Hidayet nasip meselesidir. Allah (c.c.) bu nimeti dilediği kimseye verir, dilediğine nasip etmez. Peygamberimizi çocukluğundan beri tanıyan, yalan söylemeyeceğini çok iyi bilen ve Muhammed'ül Emin diye tanımlayanlar, konu dini tebliğ olunca; anında yalanlayabiliyor ve en azılı düşman olabiliyorlar. Çünkü iman bir nasip meselesi. Allah (c.c.) dilemeyince tebliğ eden peygamber bile olsa fayda vermiyor. Ama nasip edecek ise, onu hayatında ilk defa gören "Bu yüzün sahibi yalan söylemez" diye hemen teslim oluyor.
Bunun en güzel örneğini bize Kur'an haber veriyor. Cin suresi 1. ve 2. Âyetlerinde Allah (c.c.); (Ey Muhammed) De ki, Bana cinlerden bir topluluğun (Kur'an'ı) dinleyip şöyle dedikleri vahyedildi. "Şüphesiz biz doğruya ileten hayranlık verici bir Kur'an dinledik ve ona inandık. Artık Rabbimize hiç kimseyi asla ortak koşmayacağız." buyuruyor.

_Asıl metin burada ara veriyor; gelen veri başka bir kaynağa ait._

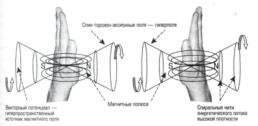 Энергия, создаваемая всем организмом человека, имеет электромагнитную природу, аналогичную полю Земли. И только мозг человека, вместе с черепной коробкой, излучает информационные, торсионные поля. Поле человека ориентируется по силовым линиям магнитного поля Земли. Когда ладони руки человека сложены вместе в позе «молитвы», обращения к Высшим Силам, тогда магнетизм человека заставляет энергию протекать по замкнутому контуру из правой ладони в левую, через головной мозг. Кисти рук посылают информацию тонким телам человека с помощью торсионных полей. Человеческие руки способны осуществлять генерирование спин торсион аксионных полей. Эти поля имеют форму вращающейся воронки, исходящей из области центра ладони. Рука, как источник генерирования торсионного поля, энергетически связана с Сердцем человека и его мозгом, а значит и с его Намерением, Силой Воли и способностью мозга производить генерирование торсионных полей. Человеческое тело является живым приемником и передатчиком, излучателем энергий всевозможных частот. Тороидальная форма информационного поля, является основной характеристикой полей, которые генерируются сердцем и ладонью человека. Такая форма поля является основным фактором, влияющим на характер спиралевидного вращающегося вихря, который захватывает или испускает различные энергии и свет.

Düşünebiliyor musunuz? Kureyş halkına Kur'an; kendi dilleri ve kusursuz bir hitap ile nazil olmuş. Üstelik onu dürüstlüğüne fiilen tanık oldukları ve kendisini Muhammed'ül Emin olarak niteledikleri bir peygamber tebliğ etmiş. Öyle olmasına ve defalarca bazı mucizelere tanık olmalarına rağmen, nasip değilse olmuyor. Ancak bir topluluk ilk defa dinledikleri Kur'an'a anında teslim olabiliyor.
Aynen bunun gibi; Sevgili Peygamberimizin izinde yürümeyi ve insanlığı Hak'ka davet etmeyi prensip edinmiş olan Milli Görüş lideri Prof. Dr. Necmettin Erbakan ile bir defa görüşen birisi onu anlayabilir iken; onun yanında aynı mekan ve ortamı yıllarca paylaşanların, üç günlük dünya çıkarı için onun ideallerine ihanet etmeleri ancak nasipsizlik olarak izah edilebilir.
Allah'ın (c.c.) bizlere hayat rehberi olarak gönderdiği hükümleri doğru anlamayı ve kurallarına gereğince riayet etmeyi nasip etmesi dua ve dileklerimle.